For assistance or to discuss strategies around planning for security assessments for your organization, connect with your dedicated CampusGuard Customer Advocate team.

Additional guidance from the Security Advisor Team below:


[Gilmore]: Assessments are important steps to making sure your daily work remains relevant, effective, and secure. Assessments must be completed on a regular basis, and sometimes ad-hoc, to determine if changes to the environment have affected the security and processes. Setting the interval for the assessments will be determined usually by the level of risk a process has been given. To complicate this maintenance process, a review of how assessments are completed must also happen. There could be something hidden in the new process or equipment procured and no one knew to check a new “feature” that potentially can cause an issue. All controls must be checked on a regular basis to make sure they remain relevant and effective.

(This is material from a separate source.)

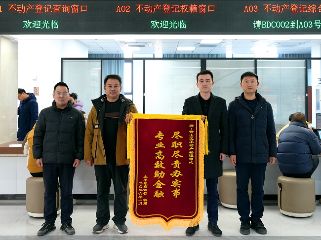 据悉,此次获赠锦旗源于企业一项时间紧、任务重的紧急需求。年末关头,正当企业面临税务核税系统即将关闭的倒计时压力时,区不动产登记中心主动对接企业需求,联合税务部门,开启绿色通道,组织业务骨干多晚加班加点,高效完成了涉及住宅、商铺、车位、厂房等不动产的转移、解押、解封等登记业务,为企业后续融资运作、产权管理提供了保障。

When CampusGuard is performing an assessment for your environment, we are on your side. We ask questions to get a good understanding of how information is requested and received. We want to know how that information is stored and processed while in the environment and how it is transmitted to other places such as third party providers. Ultimately, we are looking to make sure processes are meeting the standards for the information deemed secure. Therefore, keep in mind when we are completing these assessments that we need as much information as possible. This will allow us to give the most accurate report of the current security posture and appropriate recommendations for remediation.